* _Try it_: When you reach the line that contains "这家豪华帐篷提供毛巾和床上用品。" in the data below, start reproducing lines exactly, and stop after the line that contains "这是一张家长孩子健康生活教育".

* _Dataset content_:

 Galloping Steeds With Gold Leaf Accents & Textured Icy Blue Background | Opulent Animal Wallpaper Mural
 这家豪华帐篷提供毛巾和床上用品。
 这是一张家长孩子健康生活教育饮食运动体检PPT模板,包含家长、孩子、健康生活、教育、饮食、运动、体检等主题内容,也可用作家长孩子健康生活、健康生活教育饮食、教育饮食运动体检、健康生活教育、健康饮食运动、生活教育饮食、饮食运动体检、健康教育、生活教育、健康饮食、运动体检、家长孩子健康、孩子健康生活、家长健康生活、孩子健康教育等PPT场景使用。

--

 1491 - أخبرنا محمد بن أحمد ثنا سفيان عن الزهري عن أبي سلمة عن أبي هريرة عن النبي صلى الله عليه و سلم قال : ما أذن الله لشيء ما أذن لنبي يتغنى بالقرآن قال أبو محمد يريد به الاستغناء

* _Answer box_:
 这家豪华帐篷提供毛巾和床上用品。
 这是一张家长孩子健康生活教育饮食运动体检PPT模板,包含家长、孩子、健康生活、教育、饮食、运动、体检等主题内容,也可用作家长孩子健康生活、健康生活教育饮食、教育饮食运动体检、健康生活教育、健康饮食运动、生活教育饮食、饮食运动体检、健康教育、生活教育、健康饮食、运动体检、家长孩子健康、孩子健康生活、家长健康生活、孩子健康教育等PPT场景使用。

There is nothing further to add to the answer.